Rheoinformatic

Network Science

We use network science to study the collective dynamics and structural features that give rise to different rheological properties. In soft materials, the relationship between stress and deformation is generally linked to their underlying microstructure and its evolution under flowing conditions. However, these systems are commonly complex and disordered, which makes it hard to identify structural features and track their effects. Network science provides a suite of tools to help us solve this challenge. By representing the entire system of interacting particles as a network, we are able to study their collective behavior and reveal previously hidden details that link the micro and macro scales. The goal of this research is to quantify mesoscale and understand its coupling to micro and macro scales. These truly informed multiscale relationships may hold the key to design of new soft materials with rheological properties from particle microstructure.

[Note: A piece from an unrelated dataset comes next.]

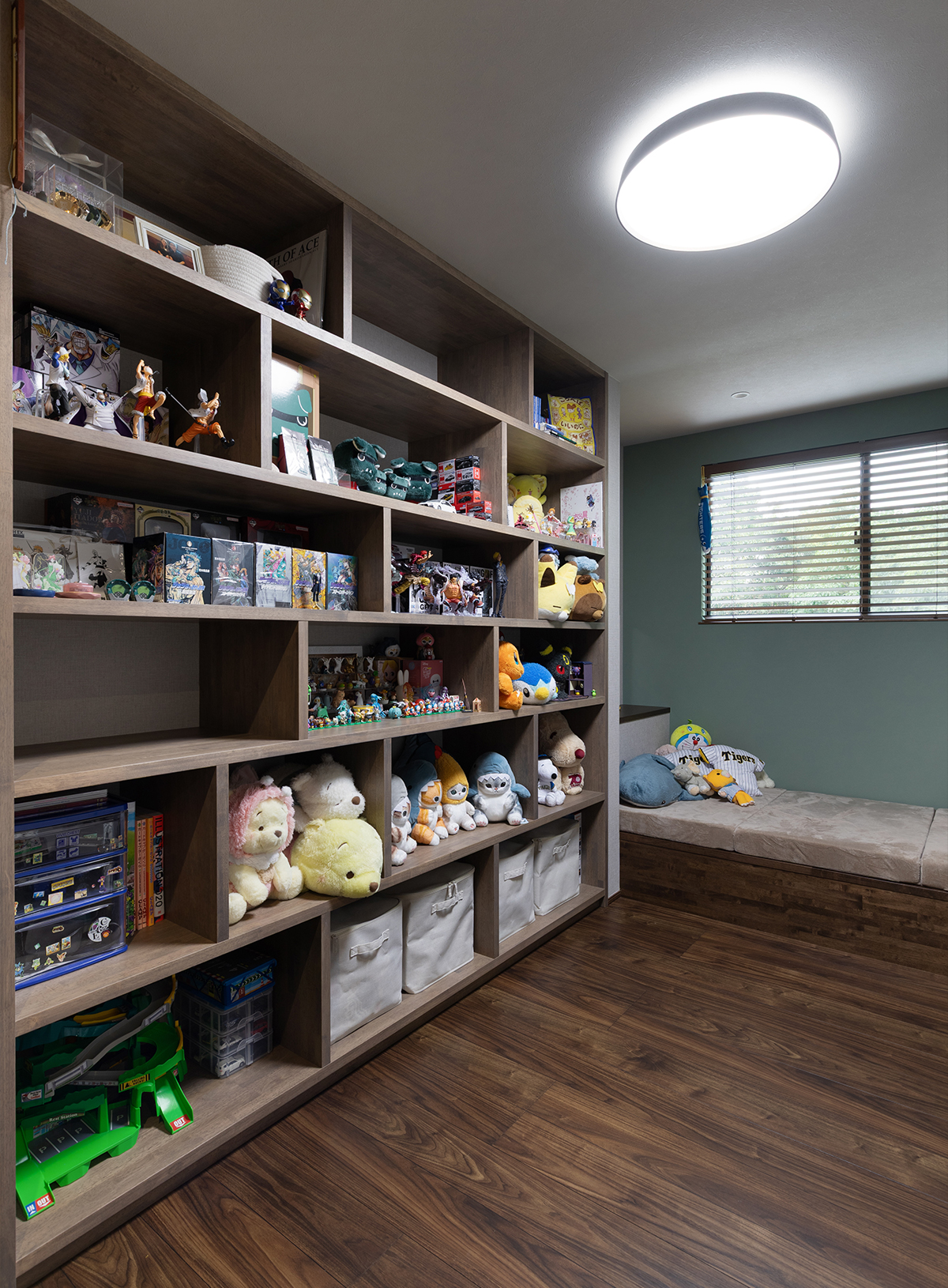 階段を上がると広がるのは、壁一面の本棚とヌックを設けた開放的なフリースペース。ご家族の「好き」を並べて楽しめるディスプレイ棚と、クッションに身を委ねて読書に没頭できるヌックが、日常に豊かな余白をもたらします。心ゆくまで趣味の時間を満喫できる、ご家族お気に入りの空間です。

Browse All Network Science Publications

Emergence of rigidity in particulate networks

We use well-established tools from network science community to study the topology of different particulate networks, with the ultimate goal of understanding the emergence of rigidity [and plasticity] in different colloidal networks. This approach has allowed us to predict dynamic properties, like gel elasticity, using only static information about the particle structure. We also use topological information to develop coarse-graining descriptions in line with the fractal and hierarchical nature of colloidal structures, allowing us to dynamically group these systems into networks of clusters. Many of these projects are done in collaboration with experimentalists, who pair our particle simulations with confocal imaging and analysis of real world colloidal networks. We are very excited about learning network-like features that describe physical properties of soft glassy materials. For instance we have recently developed a resilience-rigidity duality framework in attractive colloidal gels that allows for systematic study of colloidal gelation beyond experimental limits.

Networks in transition

The formation and breaking of colloidal networks are key features of their rheological response under flow. We study these dynamic processes by looking at the force networks that connect interacting particles in simulation. This has allowed us to identify the structural changes that bring about shear thickening in dense suspensions and yielding and rate-dependent rheology in colloidal gels. We use this information to study the physics that drives these processes, and to make predictions about new systems’ rheology using network analysis. With dense suspensions, we have focused on studying emergent dynamics at the force cluster scale that results in so-called discontinuous shear-thickening, and on the time-dependent stress response of different dense suspensions coupled with such dynamics.